Fill in missing Data


 
Thread Tools Search this Thread
Top Forums Shell Programming and Scripting Fill in missing Data
# 15  
Old 03-20-2012
The numbers are going to be wrong in any case. Garbage in, garbage out. Server 2 having a value of 0.1 and server 4 having a value of 0.3 doesn't really imply server 3 has a value of 0.2... I've been hoping we'd just badly misinterpreting what you wanted, but if you really want interpolation between columns, fine... but I can't imagine why it'd be pretty or even desirable.

Code:
$ cat fill.awk

BEGIN { FS=","; OFS="," }

{
        S=NF+1

        for(N=2; N<=NF; N++)
        {
                # What number to start on when interpolating
                if($N && ($N != " "))
                {       S=N;    continue        }

                # Find blank range, and the next good number
                for(M=N; (!$M) && ($M != " ") && (M<=NF); M++);
                # If it doesn't end on a number, can't interpolate
                if(!$M) break;
                # Calculate the slope of the line
                SLOPE=($M - $S)/(M-S);
                # Fill in all the empty points between start and end
                for(Q=S+1; Q<M; Q++)
                {
                        X=Q-S;
                        # Adjust the number of decimal places to taste.
                        $Q = sprintf("%.2f", (SLOPE*X)+$S);
                }

                # Don't skip the ending number next loop.
                N=(M-1);
        }

        print
}

$ awk -f fill.awk data

Wed Feb 01 09:00:02 EST 2012,,,0.4,0.3,0.30,0.3,0.30,0.3,0.40,0.5,0.40,0.3,0.33,0.37,0.4,0.3,
Wed Feb 01 09:00:11 EST 2012,,,,,,,0.2,,,,,,,,,,
Wed Feb 01 09:00:22 EST 2012,0.7,0.4,0.5,0.4,0.3,0.4,0.40,0.4,0.5,0.6,0.3,0.4,0.25,0.1,0.5,0.4,
Wed Feb 01 09:00:42 EST 2012,0.9,1.0,0.6,0.5,0.50,0.50,0.50,0.50,0.50,0.50,0.50,0.5,,,,,
Wed Feb 01 09:01:02 EST 2012,1.0,0.8,0.75,0.70,0.65,0.6,0.60,0.60,0.60,0.60,0.60,0.6,,,,,
Wed Feb 01 09:01:22 EST 2012,,0.7,0.7,0.6,0.5,0.50,0.50,0.5,,,,,,,,,
Wed Feb 01 09:01:42 EST 2012,0.9,0.6,0.6,0.5,0.47,0.45,0.43,0.4,0.7,0.7,0.4,0.5,0.53,0.57,0.6,0.5,
Wed Feb 01 09:02:02 EST 2012,0.8,0.65,0.5,0.4,0.58,0.75,0.93,1.1,0.83,0.57,0.3,0.4,,,,,
Wed Feb 01 09:02:22 EST 2012,0.9,0.87,0.84,0.81,0.79,0.76,0.73,0.7,0.65,0.6,,,,,,,

$

# 16  
Old 03-20-2012
Quote:
Originally Posted by Corona688
The numbers are going to be wrong in any case.
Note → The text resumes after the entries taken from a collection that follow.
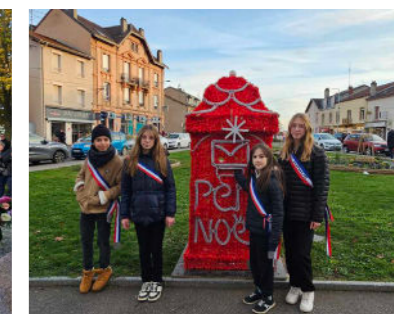
Concours de dessins au Père Noël Jusqu'au 25 décembre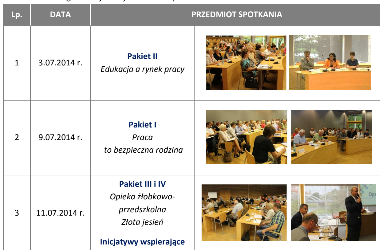
Tabela 1. Zestawienie spotkań w ramach konsultacji społecznych projektu Programu Specjalnej Strefy Demograficznej w województwie opolskim do 2020 r.

Pakiety III - Opieka żłobkowo-przedszkolna i IV - Złota jesień były przedmiotem dyskusji podczas spotkania zorganizowanego 11 lipca 2014 r. Wśród dyskutantów znaleźli się m.in. Wojewoda Opolski, reprezentanci podmiotów działających w sferze szeroko rozumianej ochrony zdrowia i życia ludzkiego, rynku pracy, uczelni wyższych oraz świadczących usługi dla osób starszych.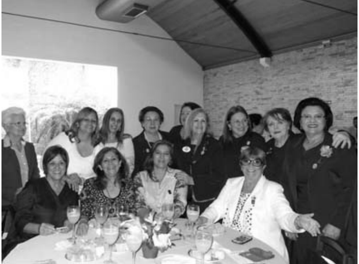
Senhoras do Lions presentes no chá beneficente na Capital.

Garbage in, garbage out. Server 2 having a value of 0.1 and server 4 having a value of 0.3 doesn't really imply server 3 has a value of 0.2... I've been hoping we'd just badly misinterpreting what you wanted, but if you really want interpolation between columns, fine... but I can't imagine why it'd be pretty or even desirable.

Code:
$ cat fill.awk
 
BEGIN { FS=","; OFS="," }
 
{
        S=NF+1
 
        for(N=2; N<=NF; N++)
        {
                # What number to start on when interpolating
                if($N && ($N != " "))
                {       S=N;    continue        }
 
                # Find blank range, and the next good number
                for(M=N; (!$M) && ($M != " ") && (M<=NF); M++);
                # If it doesn't end on a number, can't interpolate
                if(!$M) break;
                # Calculate the slope of the line
                SLOPE=($M - $S)/(M-S);
                # Fill in all the empty points between start and end
                for(Q=S+1; Q<M; Q++)
                {
                        X=Q-S;
                        # Adjust the number of decimal places to taste.
                        $Q = sprintf("%.2f", (SLOPE*X)+$S);
                }
 
                # Don't skip the ending number next loop.
                N=(M-1);
        }
 
        print
}
 
$ awk -f fill.awk data
 
Wed Feb 01 09:00:02 EST 2012,,,0.4,0.3,0.30,0.3,0.30,0.3,0.40,0.5,0.40,0.3,0.33,0.37,0.4,0.3,
Wed Feb 01 09:00:11 EST 2012,,,,,,,0.2,,,,,,,,,,
Wed Feb 01 09:00:22 EST 2012,0.7,0.4,0.5,0.4,0.3,0.4,0.40,0.4,0.5,0.6,0.3,0.4,0.25,0.1,0.5,0.4,
Wed Feb 01 09:00:42 EST 2012,0.9,1.0,0.6,0.5,0.50,0.50,0.50,0.50,0.50,0.50,0.50,0.5,,,,,
Wed Feb 01 09:01:02 EST 2012,1.0,0.8,0.75,0.70,0.65,0.6,0.60,0.60,0.60,0.60,0.60,0.6,,,,,
Wed Feb 01 09:01:22 EST 2012,,0.7,0.7,0.6,0.5,0.50,0.50,0.5,,,,,,,,,
Wed Feb 01 09:01:42 EST 2012,0.9,0.6,0.6,0.5,0.47,0.45,0.43,0.4,0.7,0.7,0.4,0.5,0.53,0.57,0.6,0.5,
Wed Feb 01 09:02:02 EST 2012,0.8,0.65,0.5,0.4,0.58,0.75,0.93,1.1,0.83,0.57,0.3,0.4,,,,,
Wed Feb 01 09:02:22 EST 2012,0.9,0.87,0.84,0.81,0.79,0.76,0.73,0.7,0.65,0.6,,,,,,,
 
$


I know its weird but thats what the boss wants... lol. is there a way to go down the column instead of across the columns?
# 17  
Old 03-20-2012
So it is the same column now? Smilie This is why I requested the output data you wanted in the first place, that would make it a lot more obvious...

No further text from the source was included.